海上保安庁から流出した尖閣衝突事件のビデオに関して国を挙げての大騒動が繰り広げられている。
媚中政権の要と揶揄される菅直人首相と仙石由人官房長官が、中国を刺激しないがために、特定の国会議員に対してのみ限定公開に踏み切ったビデオが、義憤にかられたとされる一人の海上保安官(ハンドルネーム:sengoku38)によってyoutubeにアップロードされ、それが次々に転載(6-1・6-2・6-3・6-4・6-5・6-6)されて、全面公開同様になってしまったからだ。
世論は、国民の英雄を罰するな、あるいは逆に、公務員としてどうなのか、とカンカンガクガクの大騒ぎである。
テレビを始めとするメディアも首謀者とされる海上保安官の周りで騒然と取材を繰り返し、まるで政治家の大疑獄事件なみである。
その中で首謀者とされる海上保安官がホンネとは思えないヤラセの詫び状を書かされたのは、プライドをずたずたにされた小心者のイラ菅こと菅直人首相のご機嫌取りに走る霞ヶ関の官僚の意向を、出先の上司が察して本人を説得してのことだろう。
そう考えると、最初は威勢がよかった彼が急にシュンとなった理由も想像がつくというものだ。
そもそもこのビデオは最初から機密になっていたわけではなく、事件からしばらくの間は海上保安庁の職員なら誰でも見れたし、私的に保存することも十分に可能だったようで、IT時代の情報セキュリティをアナログ時代のまま放置した挙句、それを基に機密漏洩だとか言っているのは笑止千万だ。
それに、こういう既存メディアを使っての世論操作はお手のものの霞ヶ関、尖閣ビデオ流出事件で、大阪地検の「厚生労働省の郵便不正事件をめぐる証拠改ざん」や警視庁の「テロ情報流出事件」はすっかり霞んでしまったようだ。
これら3つのうち、どれが重大かと言えば、国際的には警視庁の事件、国内的には大阪地検の事件だ。
警視庁の「テロ情報流出事件」に関して言えば、ただでさえ、国家間の機密情報を「ここだけの話」としたり顔で漏らす日本の政治家に不信感を抱いて、まともな治安情報が米国から日本へ来なくなったと言われているのに、今度は治安当局の大失態である。
これで各国の情報機関や治安当局が警視庁を国際捜査機関のカウンターパートとして見なくなっても不思議ではあるまい。
それに今回の流出事件で警察に協力した人間の生命が脅かされる可能性も否定できない。
しかもネット上で晒された情報に関して、警察の協力者たちは、公に訴え出ることもできないのだ。

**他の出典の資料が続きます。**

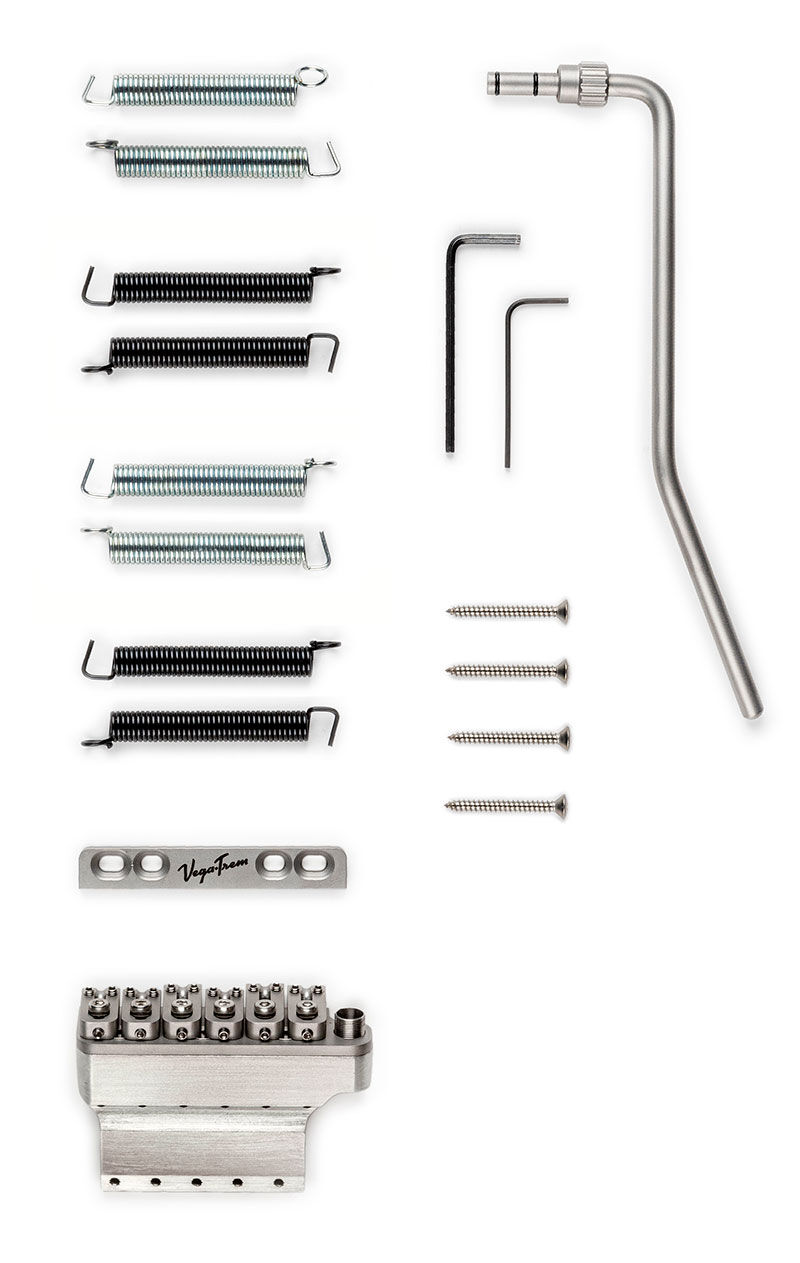For guitars that are fitted with vibrato with the traditional six screw system. Finished in high quality stainless steel. The pack includes springs, adaptors and screws for the fulcrum and 1.5 mm (1/16 “) and 2.5 mm (3/32”) allen keys.
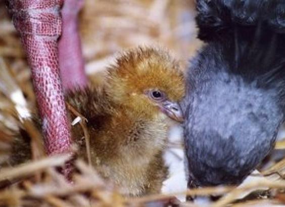 De kuikens zijn donzig geelachtig tot lichtbruin van onder en donkerder bruin van boven. Ze hebben een relatief grote kop en korte snavel. De poten zijn vleeskleurig en stevig, en de iris donker.
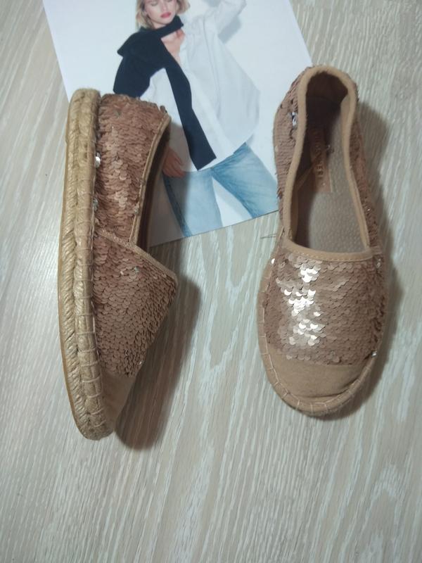 Эспадрильи atmosphere 38 р. стелька 24,2 см., задник предусмотрен мягкий, поэтому советуем брать на ногу 24-24,5 см (не с запасом), 38 на 38. стельки кожаная. Снаружи обшиты бежевыми пайетками. По подошве 25 см. состояние идеальное (5)
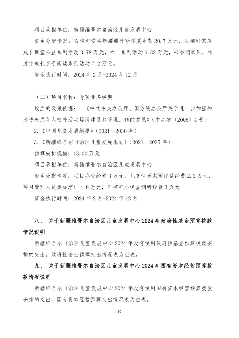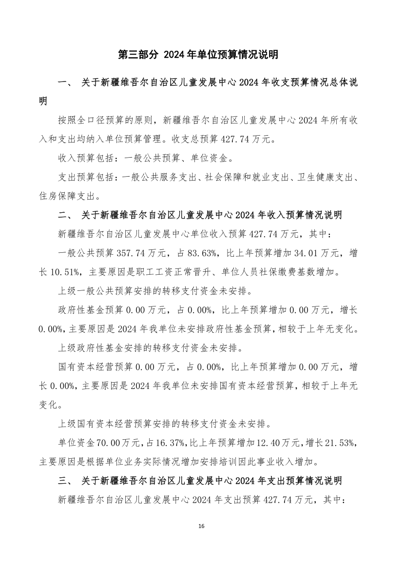 新疆维吾尔自治区儿童发展中心2024年单位预算公开

これらの不祥事を起こす職場に共通しているのは、各省庁の財政・会計担当幹部のIT音痴ぶりだ。
今時、職場に私用のパソコンを持ち込まないといけないと仕事にならない状況を放置しているのは、彼らの職務怠慢以外の何物でもない。
彼らは役所の中では最高権力者(事務次官)に近い存在だから誰もそんなことを指摘できないし、大臣(政治家)は基本的に高齢のIT音痴ばかりだから、これまた話にならない。
私が思うに、情報漏洩事件を起こすような職場は、パソコンが1人1人に配備されているわけでもなく、割り当てが職場に数台、しかも旧式のものだったりするので、仕方なく私用のパソコンを持ち込んで仕事をせざるを得ない状況に追い込まれているのだろう。
つまり、それを改善することなしに、私用パソコン禁止などと言っても現場の士気が下がるだけで、またもや同じ不祥事が別のところで繰り返されるのだ。
厚生労働省の郵便不正事件で、証拠のFD(フロッピーディスク)の改ざんと、メディアの報道にあったのを覚えているだろうか。
今時、フロッピーディスクドライブを備えたパソコンがどのくらいあるのか、いかに役所が旧式のものを使っているのか想像がつくというものだ。
これで情報セキュリティ云々を言われても素直に信用できるだろうか。
一方の大阪地検の「厚生労働省の郵便不正事件をめぐる証拠改ざん」は呆れてものが言えないほど酷いものである。
これを見て私は、元北海道・沖縄開発庁長官で新党大地・代表の鈴木宗男氏が「北方領土特命交渉」という著書の中で「一部の外務官僚が元最高裁判事の園部逸男氏を抱きこみ園部レポート(鈴木宗男の圧力によって対ロ政策、北方領土に対する支援事業がねじ曲げられた)という謀略文書をつくり上げ、その筋書きに沿って私は逮捕された。」と書かれているのを思い出した。
彼に対する疑惑は一つだけではないので、これだけをもって政治的謀略で政治生命を絶たれたと論ずるのは不適切かもしれないが、大阪地検による証拠改ざんを見せつけられると、鈴木宗男氏の事件のみならず、最近になって逮捕・起訴された政治家は官僚にとって都合の悪い人物だったのではないか、という疑念を抱かざるを得ない。
何しろこういうときのメディアは検察情報の垂れ流ししかしないので真相を知ることが非常に困難だ。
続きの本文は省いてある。